### Exercise materials
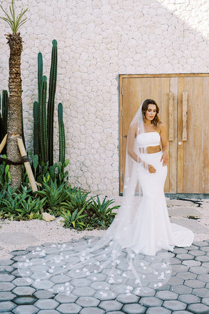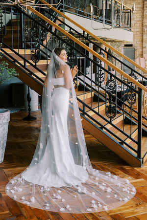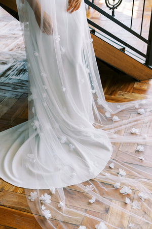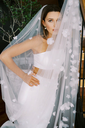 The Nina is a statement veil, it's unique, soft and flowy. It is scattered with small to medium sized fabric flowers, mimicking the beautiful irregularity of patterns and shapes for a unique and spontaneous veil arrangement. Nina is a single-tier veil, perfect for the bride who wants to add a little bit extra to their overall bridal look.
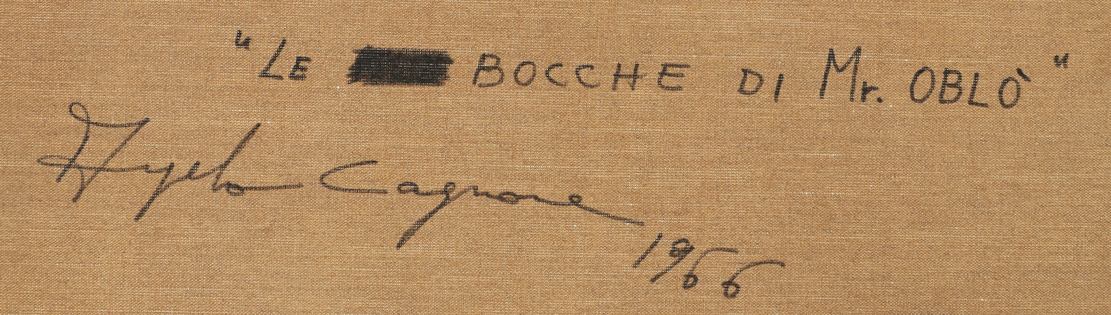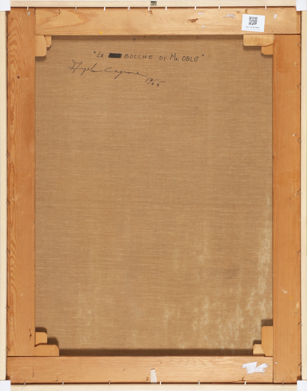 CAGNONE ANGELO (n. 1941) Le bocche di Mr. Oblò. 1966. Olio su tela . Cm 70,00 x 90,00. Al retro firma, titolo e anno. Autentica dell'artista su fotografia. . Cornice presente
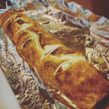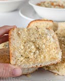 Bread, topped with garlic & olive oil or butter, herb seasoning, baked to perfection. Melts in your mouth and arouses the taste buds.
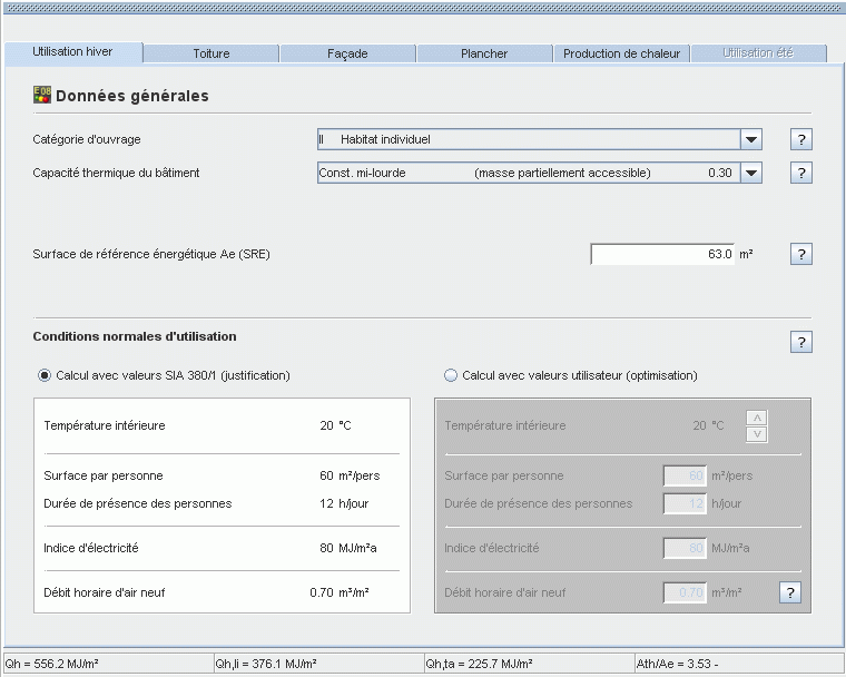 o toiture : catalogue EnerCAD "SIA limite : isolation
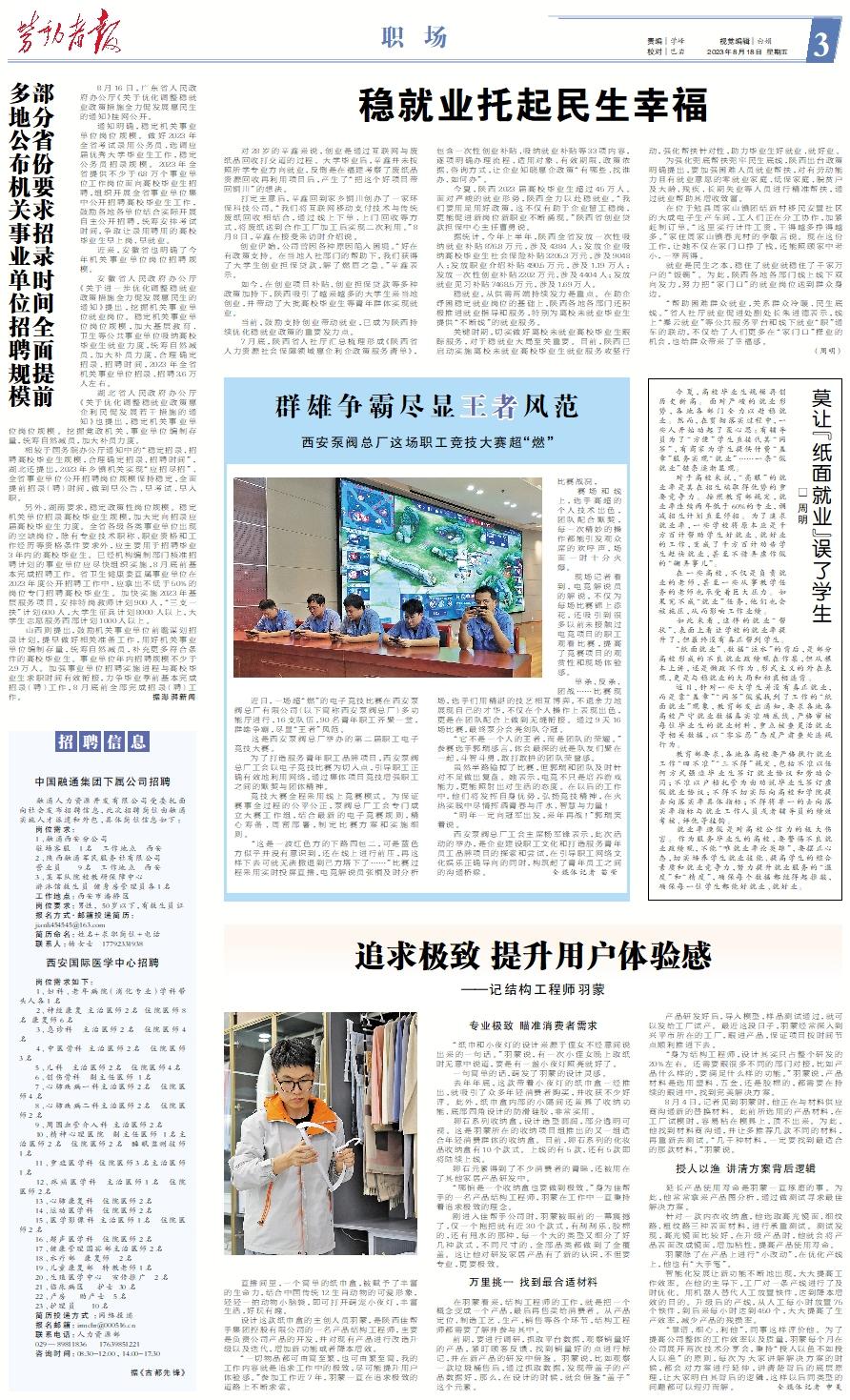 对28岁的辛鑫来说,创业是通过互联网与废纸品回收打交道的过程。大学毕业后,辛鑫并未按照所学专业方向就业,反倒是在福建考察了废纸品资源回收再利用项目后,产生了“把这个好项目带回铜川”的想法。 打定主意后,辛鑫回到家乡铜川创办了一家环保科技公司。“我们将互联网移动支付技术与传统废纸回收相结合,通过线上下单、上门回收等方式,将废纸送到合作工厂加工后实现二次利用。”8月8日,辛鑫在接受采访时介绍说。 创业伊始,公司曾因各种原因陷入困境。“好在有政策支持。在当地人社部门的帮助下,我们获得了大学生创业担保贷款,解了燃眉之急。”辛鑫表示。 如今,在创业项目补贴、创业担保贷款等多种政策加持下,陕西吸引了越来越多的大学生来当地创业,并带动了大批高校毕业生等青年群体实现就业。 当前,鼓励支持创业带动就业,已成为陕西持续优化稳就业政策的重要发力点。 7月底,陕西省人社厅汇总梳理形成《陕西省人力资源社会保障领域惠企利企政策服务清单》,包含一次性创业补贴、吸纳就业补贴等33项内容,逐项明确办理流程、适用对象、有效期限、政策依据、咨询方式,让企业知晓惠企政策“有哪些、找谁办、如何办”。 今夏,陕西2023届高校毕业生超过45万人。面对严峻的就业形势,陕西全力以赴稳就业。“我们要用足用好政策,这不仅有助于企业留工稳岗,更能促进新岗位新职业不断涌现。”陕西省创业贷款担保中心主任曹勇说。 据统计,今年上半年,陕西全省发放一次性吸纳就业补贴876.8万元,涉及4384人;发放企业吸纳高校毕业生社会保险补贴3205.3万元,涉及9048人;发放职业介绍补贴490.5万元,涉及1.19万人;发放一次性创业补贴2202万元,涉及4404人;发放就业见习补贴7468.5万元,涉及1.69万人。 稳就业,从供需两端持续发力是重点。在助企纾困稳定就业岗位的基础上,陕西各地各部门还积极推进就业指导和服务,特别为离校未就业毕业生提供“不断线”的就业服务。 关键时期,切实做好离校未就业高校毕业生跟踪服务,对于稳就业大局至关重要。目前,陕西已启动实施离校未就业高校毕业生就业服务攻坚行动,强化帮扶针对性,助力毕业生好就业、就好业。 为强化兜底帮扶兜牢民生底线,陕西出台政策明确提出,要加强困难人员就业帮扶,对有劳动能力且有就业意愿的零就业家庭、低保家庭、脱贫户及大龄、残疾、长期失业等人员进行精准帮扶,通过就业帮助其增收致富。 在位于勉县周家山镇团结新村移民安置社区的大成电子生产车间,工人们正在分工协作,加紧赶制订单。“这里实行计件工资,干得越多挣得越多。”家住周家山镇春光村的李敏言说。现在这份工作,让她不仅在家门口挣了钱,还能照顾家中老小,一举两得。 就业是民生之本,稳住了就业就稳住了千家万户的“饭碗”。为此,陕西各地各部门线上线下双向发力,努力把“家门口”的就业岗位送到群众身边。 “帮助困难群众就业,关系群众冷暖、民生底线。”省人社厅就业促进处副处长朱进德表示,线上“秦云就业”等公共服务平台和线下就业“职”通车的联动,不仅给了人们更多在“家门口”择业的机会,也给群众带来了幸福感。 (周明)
######
Try it: An exact copy is required of the lines from the start of the records above through the line with "Bread, topped with", and only those, without any pictures.

Answer below:
 The Nina is a statement veil, it's unique, soft and flowy. It is scattered with small to medium sized fabric flowers, mimicking the beautiful irregularity of patterns and shapes for a unique and spontaneous veil arrangement. Nina is a single-tier veil, perfect for the bride who wants to add a little bit extra to their overall bridal look.
 CAGNONE ANGELO (n. 1941) Le bocche di Mr. Oblò. 1966. Olio su tela . Cm 70,00 x 90,00. Al retro firma, titolo e anno. Autentica dell'artista su fotografia. . Cornice presente
 Bread, topped with garlic & olive oil or butter, herb seasoning, baked to perfection. Melts in your mouth and arouses the taste buds.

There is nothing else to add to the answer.